3.4. Prediction Performance for a List of Potential Confounders

We analyzed the prediction performance for a list of subject characteristics and potential factors that could confound the results. For prediction of a specific response, subjects from the complete dataset (N=170) were divided into opposing classes based on the self-reported questionnaire data. Results obtained using the pattern-based approach are presented in FIG. 8 and the group assignment criteria for different response types are listed in the panels. A summary for all prediction analyses can also be found below in Table 3. From the results, we found random guessing predictions (AUC<0.6) for alcohol use, age, and lactose intolerance, but significant prediction capabilities for smoking, sex, abdominal pain, and constipation (0.6≤AUC<0.7). On age and abdominal pain, while our subjects had modest correlations with SARS-CoV-2 infection, the significantly better predictive power for SARS-CoV-2 infection suggests that age and abdominal pain do not constitute strong confounders. The superior prediction performance for SARS-CoV-2 infection compared to the list of potential confounders analyzed could potentially be due to SARS-CoV-2 infection eliciting acute and long-term host responses caused by both virus-driven and immune system-associated factors.

4. Discussion

We conducted the first pilot study to evaluate the diagnostic performance of CE-DFCS. Through a case study of SARS-CoV-2 infection detection involving 170 individuals, we found our pattern-based model produced excellent mutual agreement of 0.849 (SD, 0.004) AUC between the CE-DFCS test and the RT-PCR test results. Moreover, using the molecule-based model, we identified the relative importance of different breath molecules in making predictions. Finally, we present preliminary evidence that this technique could be extended to diagnose other conditions.

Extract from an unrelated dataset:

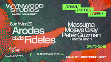 Close out MMW with Arodes, Fideles, Massuma, Mojave Grey, Peter Guzman, Franco Franchi @ Wynwood Studios.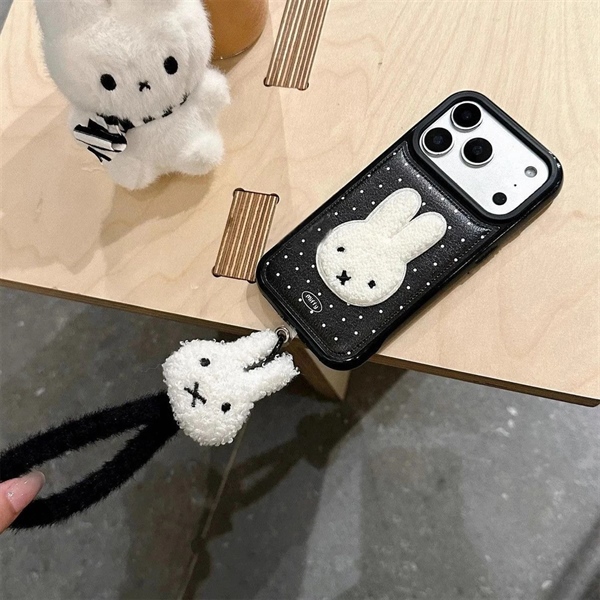 Case Đen Thỏ Trắng Vải + Móc Thỏ - 14PRO

Our most important finding is that breath analysis by CE-DFCS can differentiate between SARS-CoV-2 infection positives and negatives. This study builds upon our prior works in which we established the use of CE-DFCS for the characterization of exhaled breath molecular profiles upon changes in biological conditions[19, 20]. Here, we have carried out the first trial study for CE-DFCS and employed machine learning analysis to realize robust binary diagnostics. Our study established CE-DFCS as a new diagnostic tool based on ultra-sensitive broadband laser spectroscopy. Continued assessment of CE-DFCS is important to thoroughly understand its diagnostic utility. Currently, the differences in the study designs make it difficult to compare the performance of CE-DFCS with GC-MS. The GC-MS study that has received FDA approval [15, 16] prospectively conducted RT-PCR tests and collected breath samples within 5 min of each other, restricted eating, drinking, or smoking for the 15 min preceding sample collection and excluded participation from those who had recent exposure to areas of local COVID-19 spread or close contact with COVID-19 positives. By contrast, our study had a much longer time delay from RT-PCR tests to breath sample collections (2.05 (SD, 0.95) days for the positives), and no exclusions based on travel/contact history. The time lag may result in viral clearance, and the more lenient sample collection and recruitment protocols may introduce confounders. These differences preclude a direct comparison of the two techniques. For future studies, examination of CE-DFCS's utility in individuals with severe disease or at higher risk, such as the elderly, the unvaccinated, and those with pre-disposing co-morbidities, will be important.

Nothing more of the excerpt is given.